══ Records for the exercise

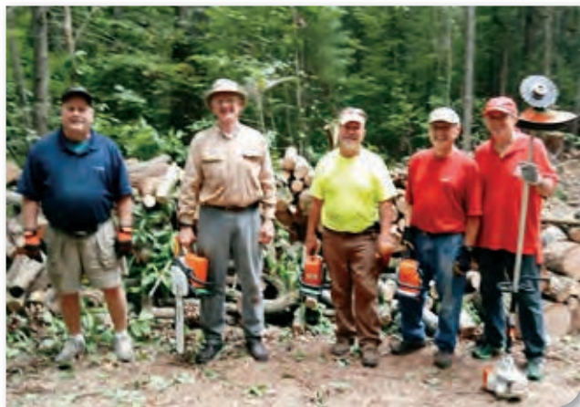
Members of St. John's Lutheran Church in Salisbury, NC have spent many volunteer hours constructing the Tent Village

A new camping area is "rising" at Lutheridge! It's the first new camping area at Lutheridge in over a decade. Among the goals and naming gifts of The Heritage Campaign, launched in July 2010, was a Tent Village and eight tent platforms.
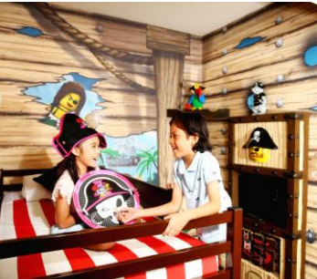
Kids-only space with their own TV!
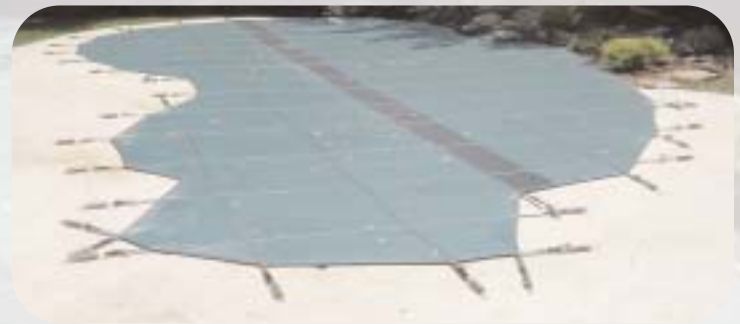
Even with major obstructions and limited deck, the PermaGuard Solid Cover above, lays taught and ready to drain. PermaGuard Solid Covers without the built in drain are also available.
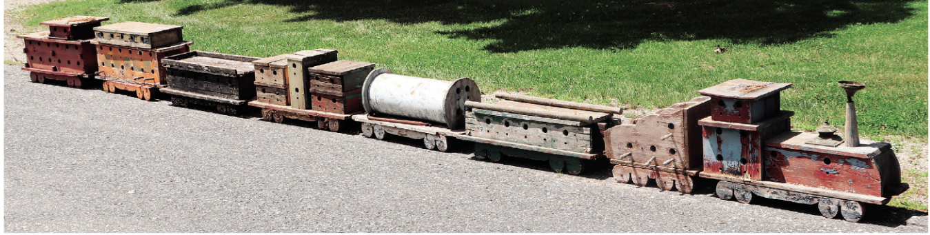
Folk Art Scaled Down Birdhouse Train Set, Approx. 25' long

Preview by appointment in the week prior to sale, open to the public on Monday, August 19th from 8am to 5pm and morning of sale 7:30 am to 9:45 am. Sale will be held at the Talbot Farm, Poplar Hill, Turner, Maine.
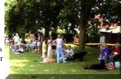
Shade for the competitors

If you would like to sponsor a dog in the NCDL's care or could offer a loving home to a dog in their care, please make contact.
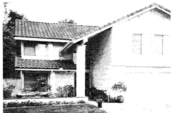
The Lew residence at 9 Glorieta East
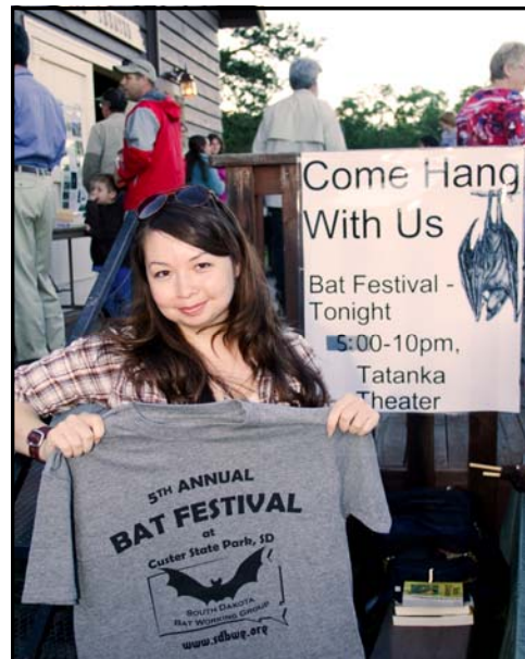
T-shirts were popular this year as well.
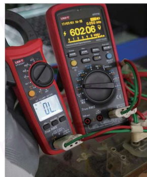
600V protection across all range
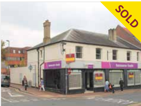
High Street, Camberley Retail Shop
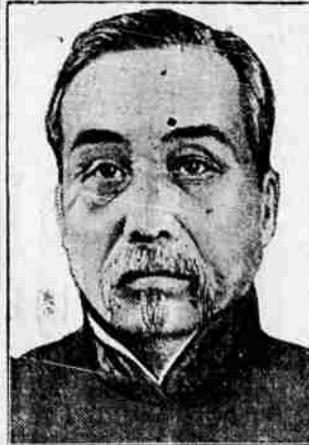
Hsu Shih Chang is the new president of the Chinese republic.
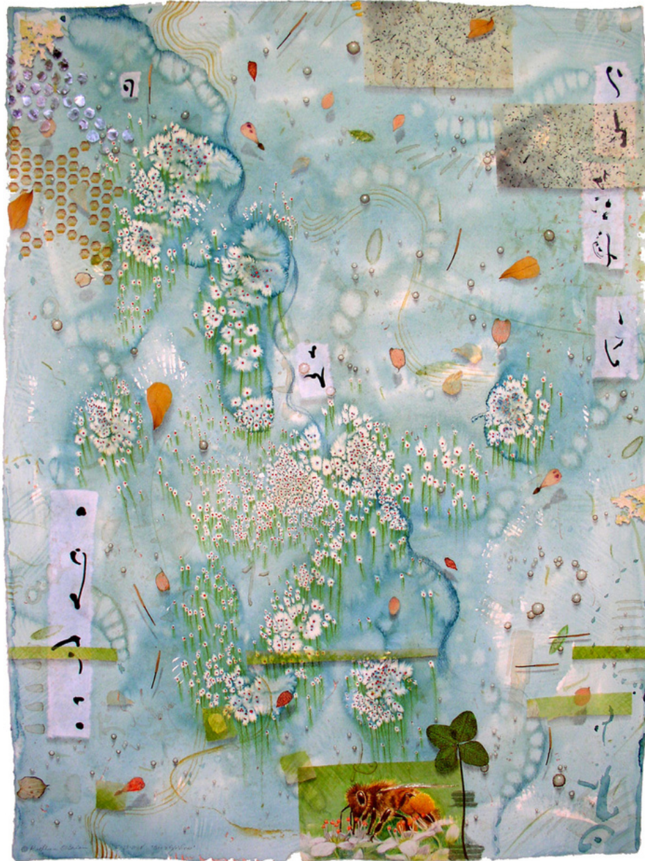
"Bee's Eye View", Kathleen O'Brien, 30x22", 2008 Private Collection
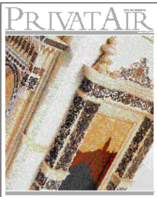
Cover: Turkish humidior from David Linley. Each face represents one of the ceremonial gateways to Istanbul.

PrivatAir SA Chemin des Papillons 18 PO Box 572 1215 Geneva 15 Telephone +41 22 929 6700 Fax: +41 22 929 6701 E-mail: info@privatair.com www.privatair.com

════

:: Directions for this task ::
Write out the entries again, exactly as given, skipping any images.

:: Task result ::
Members of St. John's Lutheran Church in Salisbury, NC have spent many volunteer hours constructing the Tent Village

A new camping area is "rising" at Lutheridge! It's the first new camping area at Lutheridge in over a decade. Among the goals and naming gifts of The Heritage Campaign, launched in July 2010, was a Tent Village and eight tent platforms.
Kids-only space with their own TV!
Even with major obstructions and limited deck, the PermaGuard Solid Cover above, lays taught and ready to drain. PermaGuard Solid Covers without the built in drain are also available.
Folk Art Scaled Down Birdhouse Train Set, Approx. 25' long

Preview by appointment in the week prior to sale, open to the public on Monday, August 19th from 8am to 5pm and morning of sale 7:30 am to 9:45 am. Sale will be held at the Talbot Farm, Poplar Hill, Turner, Maine.
Shade for the competitors

If you would like to sponsor a dog in the NCDL's care or could offer a loving home to a dog in their care, please make contact.
The Lew residence at 9 Glorieta East
T-shirts were popular this year as well.
600V protection across all range
High Street, Camberley Retail Shop
Hsu Shih Chang is the new president of the Chinese republic.
"Bee's Eye View", Kathleen O'Brien, 30x22", 2008 Private Collection
Cover: Turkish humidior from David Linley. Each face represents one of the ceremonial gateways to Istanbul.

PrivatAir SA Chemin des Papillons 18 PO Box 572 1215 Geneva 15 Telephone +41 22 929 6700 Fax: +41 22 929 6701 E-mail: info@privatair.com www.privatair.com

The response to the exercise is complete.